• One evening I sat with a man who appeared to be sleeping. I stayed for a few minutes, quietly watching, before moving on to visit others. When I returned later, he was awake. I told him that I had come in earlier. He said, “I knew you were there”. It made me realize that my presence was important to the people in care, even if not always acknowledged.
  • One time, I sat with a woman while her visiting daughter shared memories of her mother. The stories revolved around the everyday actions of a mother. The mundane deeds and loving functions that showed how much her mother cared for her family. It was the little things that mattered most, in the end, and the daughter wanted me, and her mother, to know how much they meant to her.
  • On another shift, I met a woman who had just arrived from England to be with her father. Once here, she was reluctant to leave the hospice, even for a short time, to get settled into her accommodation. Finally, she asked me if I would stay with her father while she was gone. She needed to know that her father would be cared for in her absence.

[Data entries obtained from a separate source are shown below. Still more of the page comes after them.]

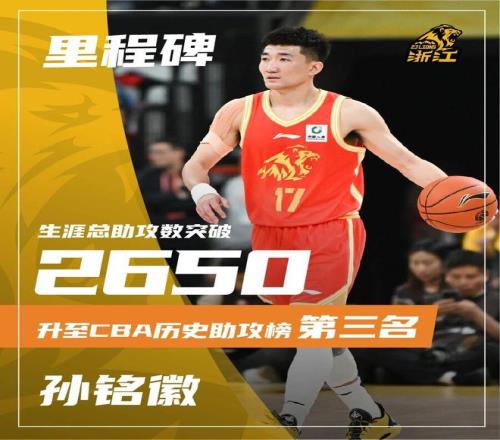孙铭徽助攻总数超越郭艾伦,上升至CBA历史助攻榜第三位。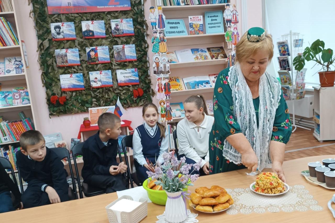 Но главным сюрпризом стало настоящее путешествие в Татарстан, которое подарила детям наша активная читательница — бабушка Нурия из деревни Акколово. Она окружила ребят таким теплом и гостеприимством, что библиотека на мгновение превратилась в уголок солнечной республики.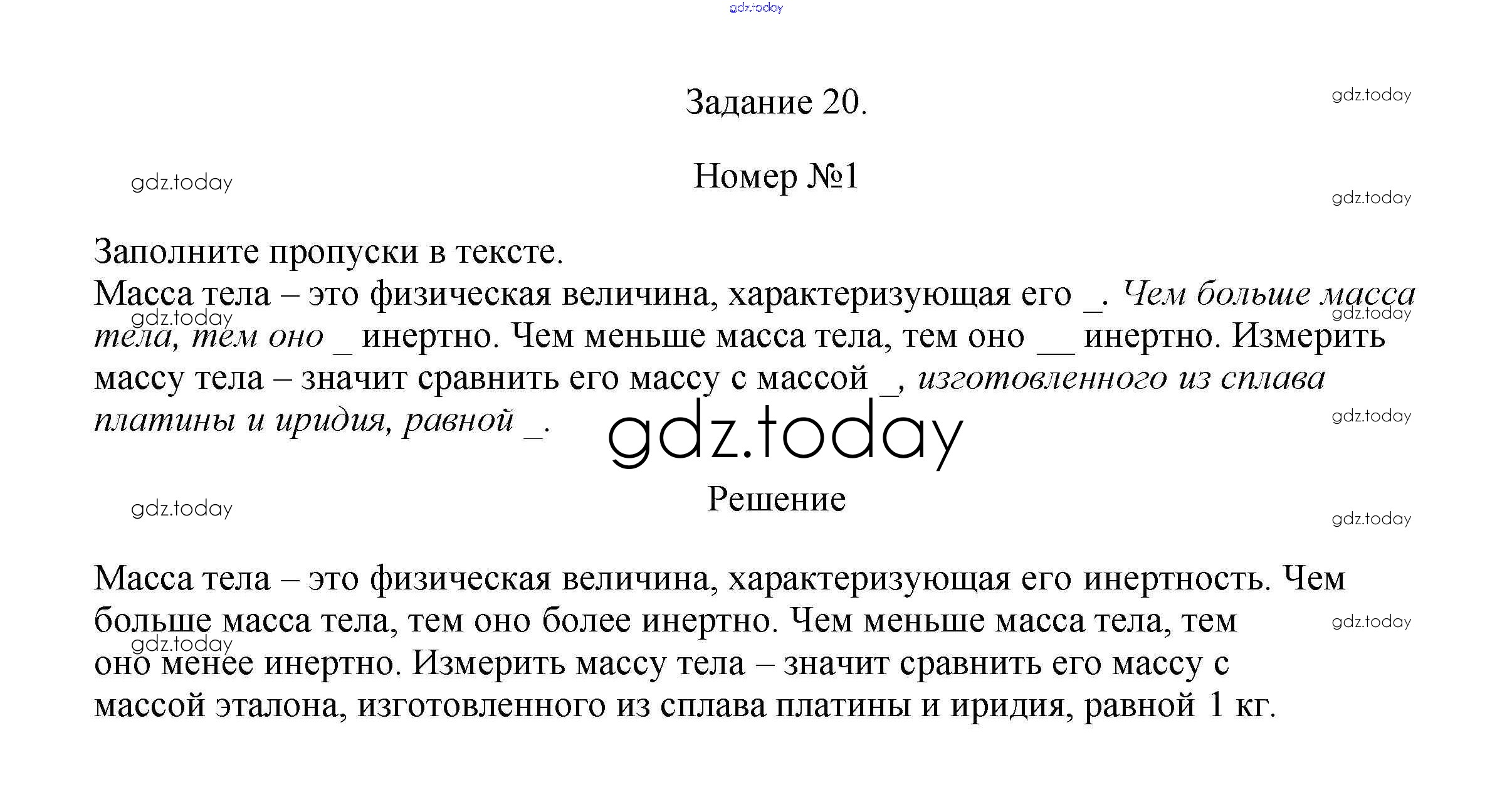 На страницах сайта gdz.today вы найдете учебный и вспомогательный материал, направленный на улучшения знаний школьной программы. ГДЗ - онлайн мир знаний Задание 20 (решение) 1 Рабочей тетради по Физике для 7 класса Ханнанова, Ханнанов Дрофа Вертикаль 2016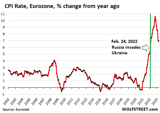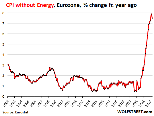 The “core” Consumer Price Index without energy – excludes energy products, such as gasoline, diesel, electricity, natural gas piped to the home, heating oil, etc. – at 7.5%, was a tad off its monstrous record in the prior month (7.9%), and was still nearly four times as high as the ECB’s target of 2%.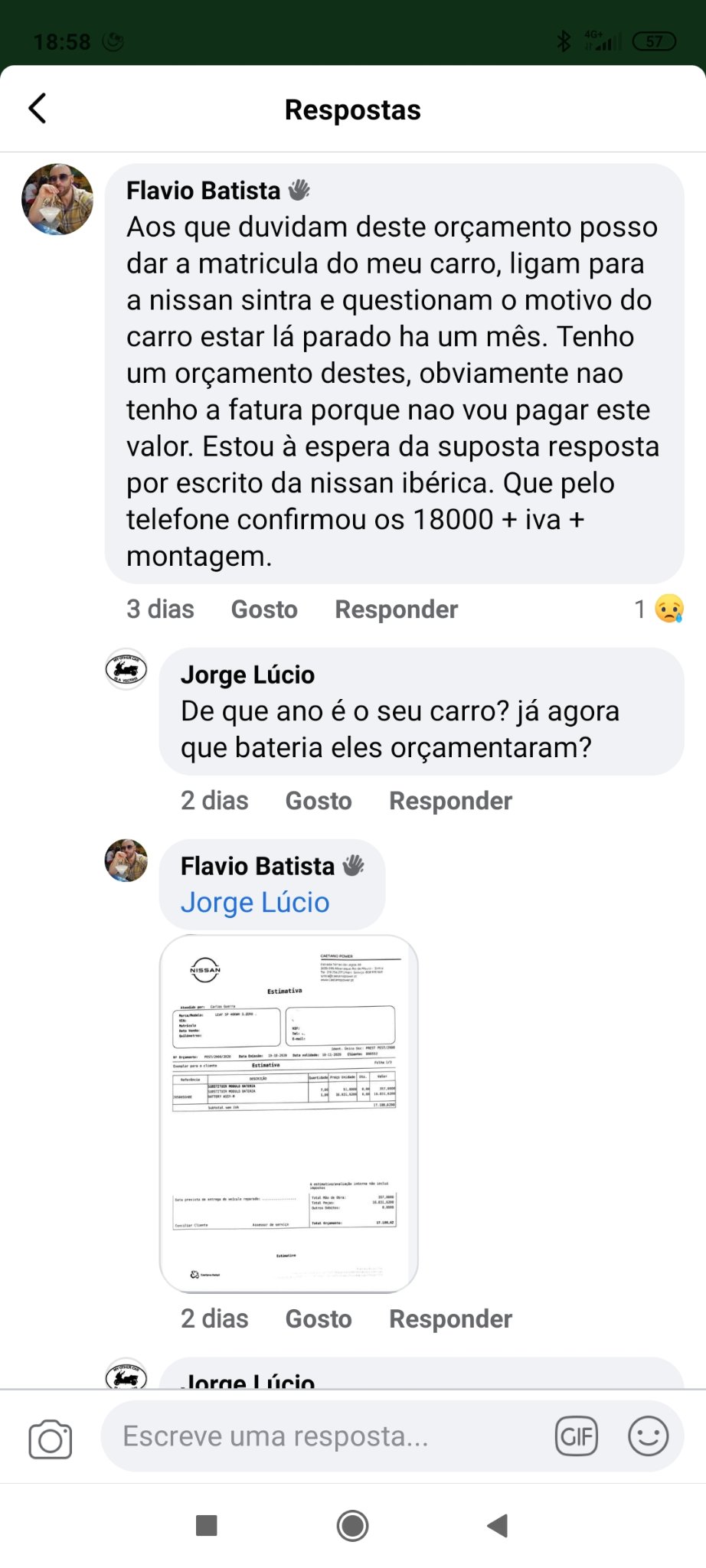 Se eu recebesse um orçamento daqueles resolvia as coisas com a Nissan, não ia para as redes sociais. Se eu tivesse razão, com certeza que a coisa seria resolvida.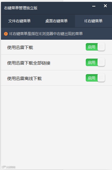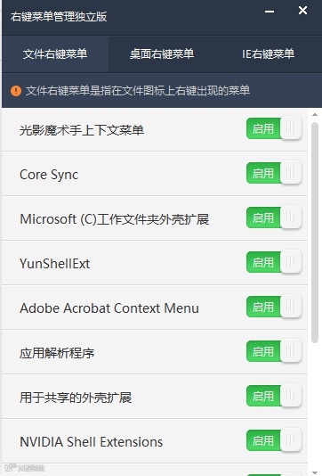 :打开软件就能看到所有右键菜单选项,无需翻找隐藏设置,管理选项清晰明了。 - 支持个性化定制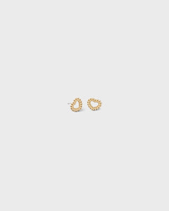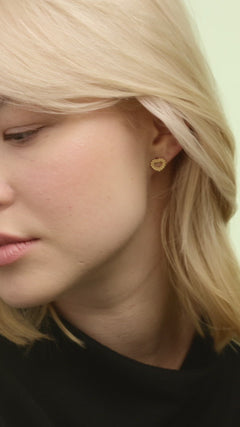 Kullanhohtoisesta kirkkaasta pronssista tehdyt pienet sydämet säteilevät iloa ja valoa ympärilleen. Tappikiinnitys, tapit ja taustanastat hopeaa. Korvakorut saatavissa myös hopeisina.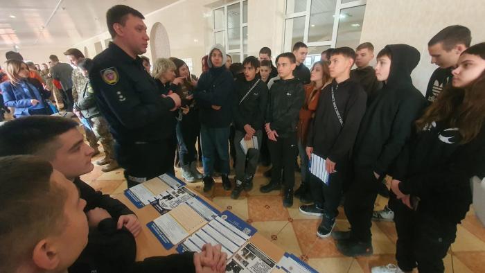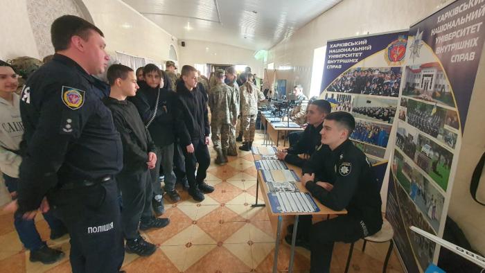 Під час профорієнтаційних заходів представники ХНУВС розповіли ліцеїстам про університет, презентували факультети та спеціальності, за якими реалізується підготовка здобувачів вищої освіти, охарактеризували умови вступу, переваги та особливості навчання у поліцейському виші.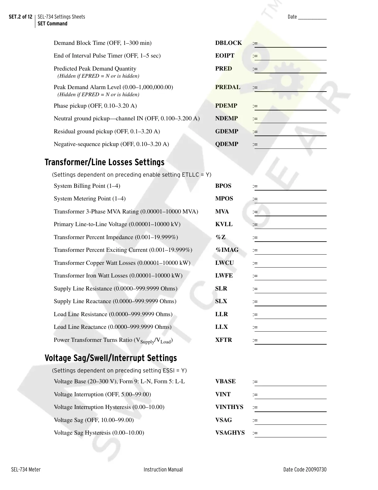 SET.2 of 12 SEL-734 Settings Sheets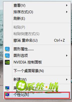 1、桌面空白处鼠标右键,在弹出的菜单中选择“个性化”;
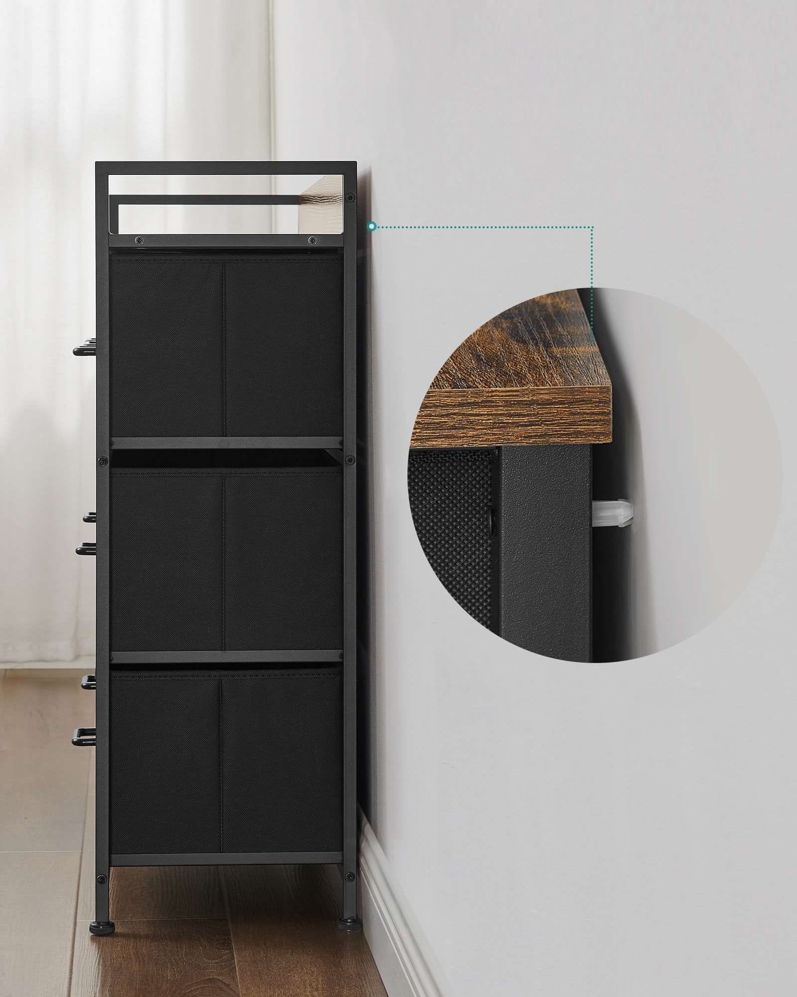 Ova komoda s ladicama od tkanine nudi praktično rješenje za pohranu u vašoj spavaćoj sobi ili dnevnom boravku, pomažući vam da učinkovito organizirate odjeću i potrepštine. Njezin industrijski dizajn unosi moderan izgled u svaki prostor, a pritom osigurava izdržljivost i dugotrajnu upotrebu.

  • One of the highlights of my time in hospice occurred after one particularly busy night. As I was about to leave, one of the nurses hugged me goodbye. It made me feel that I was needed. I knew that I was a part of the team.

I operate a small daycare. I spend my days caring for new lives but my time as a volunteer has taught me that everyone matters, regardless of their stage of life. The last moments are just as important as the first – maybe even more.